Na Inglaterra do século 18, Sarah Churchill, a Duquesa de Marlborough, exerce sua influência na corte como confidente, conselheira e amante secreta da Rainha Anna. Seu posto privilegiado, no entanto, é ameaçado pela chegada de Abigail, nova criada que logo se torna a queridinha da majestade e agarra com unhas e dentes essa oportunidade única.
É um deleite ver a atuação do trio principal da trama, e não é à toa que as três foram indicadas ao Oscar por este filme e também já ganharam a premiação anteriormente. Percebemos as camadas de uma mulher que conseguiu sua importância se impondo como a Lady Sarah e a ascensão de uma jovem que esbanja carisma e ambição ao posto de “braço direito” para sair de seus trabalhos sofridos e indesejáveis da Abigail. O interesse em se aproximar da rainha é como se fosse o próprio desejo por influência e segurança, já que no início do século 18 as coisas não eram muito floridas para quem não vinha de um bom berço. E em contraste, a rainha que lhes protegia era uma mulher insegura, mimada e pouco sábia. A sátira é ótima, mas o filme se distancia da história real da rainha Anna. Ela foi uma mulher de decisões importantes em sua época, inclusive a guerra que acontece durante o filme é a Guerra da Sucessão Espanhola em que a monarca teve um papel importante no tratado de paz. Mas, enfim, o filme deve ser encarado como uma sátira política e ficcional.

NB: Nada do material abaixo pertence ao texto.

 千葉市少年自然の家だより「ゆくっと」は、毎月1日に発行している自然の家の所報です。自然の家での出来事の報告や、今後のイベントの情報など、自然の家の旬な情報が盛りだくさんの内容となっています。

A questão da homossexualidade da monarca apresentada no filme constrói mais da personalidade carente e dúbio da personagem que ao mesmo tempo que protege, sente a necessidade de ser protegida e amada. Anne é uma pessoa frágil e de baixa auto-estima que sente necessidade de uma companhia mais forte ao seu lado, mas que ao mesmo tempo sente ciúmes dos poderes concedidos à sua favorita. Mas, de certa forma, optar por sexualizar tais relações transformou a trama em algo mais básico.

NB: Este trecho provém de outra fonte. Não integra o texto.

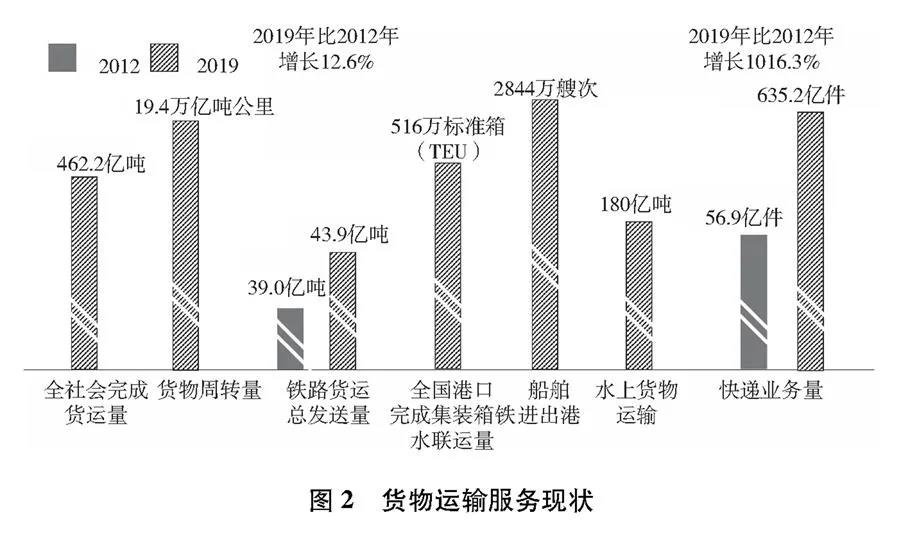 貨物運(yùn)輸服務(wù)保障能力不斷提升。中國(guó)是世界上運(yùn)輸最繁忙的國(guó)家。面對(duì)日益增長(zhǎng)的貨物運(yùn)輸需求,加快多式聯(lián)運(yùn)發(fā)展,創(chuàng)新公鐵聯(lián)運(yùn)、空鐵聯(lián)運(yùn)、鐵水聯(lián)運(yùn)、江海聯(lián)運(yùn)、水水中轉(zhuǎn)、滾裝聯(lián)運(yùn)等高效運(yùn)輸組織模式,開(kāi)展鐵路運(yùn)能提升、水運(yùn)系統(tǒng)升級(jí)、公路貨運(yùn)治理等專項(xiàng)行動(dòng),貨物運(yùn)輸結(jié)構(gòu)持續(xù)優(yōu)化,綜合運(yùn)輸效率不斷提高,物流成本逐步降低,交通運(yùn)輸環(huán)境污染明顯減少,原油、成品油、天然氣管道建設(shè)不斷提速。鐵路運(yùn)量占社會(huì)運(yùn)輸總量比例不斷提升,“公轉(zhuǎn)鐵”行動(dòng)取得突出成效。港口貨物吞吐量和集裝箱吞吐量均居世界第一??爝f業(yè)務(wù)量保持強(qiáng)勁增長(zhǎng)態(tài)勢(shì),連續(xù)6年位居世界第一。運(yùn)輸服務(wù)能力大幅提升,推進(jìn)物流降本增效取得積極成效,促進(jìn)了物流業(yè)轉(zhuǎn)型升級(jí)。

A disputa para se tornar A Favorita é bastante interessante e prende a atenção do espectador, ver a sequência de intrigas e manipulações que vão à níveis extremos é divertido e, ao mesmo tempo, trágico pois quando se trata de poder, como é de se esperar, as coisas ficam realmente feias. A mudança do ar jovial de Abigail para uma mulher obcecada por poder é realmente bem vivido por Emma Stone e as camadas da personalidade forte de Sarah, uma mulher que não chora ou lamenta por suas atribulações tem um ótimo trabalho Rachels Weisz para transmitir um contexto da personagem que não é mostrado no filme. E no tocante à rainha, que já perdera inúmeros filhos natimortos e o seu marido, ser rodeada por pessoas que estão ali apenas por interesse se torna algo bastante depressivo ao longo do filme. Anna rouba a cena, mostrando-se uma personagem inconstante e difícil de desvendar.

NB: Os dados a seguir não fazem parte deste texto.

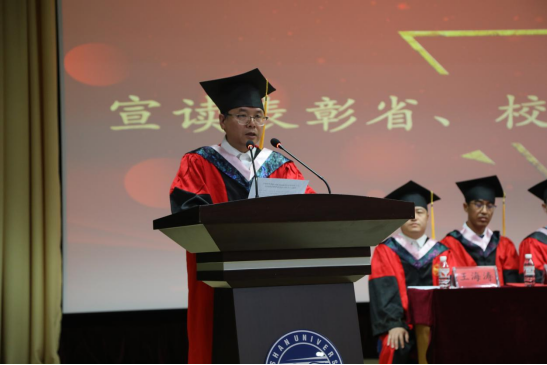 张玉强代表校友致辞。他结合自己的经历,分享了成功的经验和感悟,鼓励毕业生们要坚定信念,勇于追求梦想,不断努力创新。
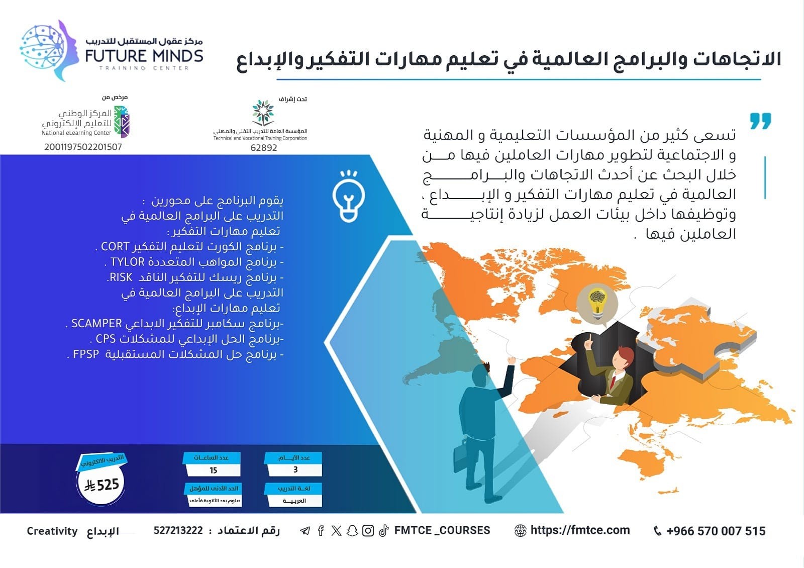 تسعى كثير من المؤسسات التعليمية و المهنية و الاجتماعية لتطوير مهارات العاملين فيها من خلال البحث عن أحدث الاتجاهات والبرامج العالمية في تعليم مهارات ا...

Com todas essas nuances A Favorita passeia por diversos gêneros estabelecendo um bom ritmo, personagens carismáticos (ao seu modo) e uma excelente ambientação trazendo uma sátira de alto nível envolvendo a monarquia britânica e seu reinado. Não é a toa que foi indicado à 10 Óscares (tendo faturado apenas o de Melhor Atriz com Olivia Colman). Um excelente trabalho de direção de Lanthimos que conseguiu construir três ótimas personagens em um relacionamento deveras complicado.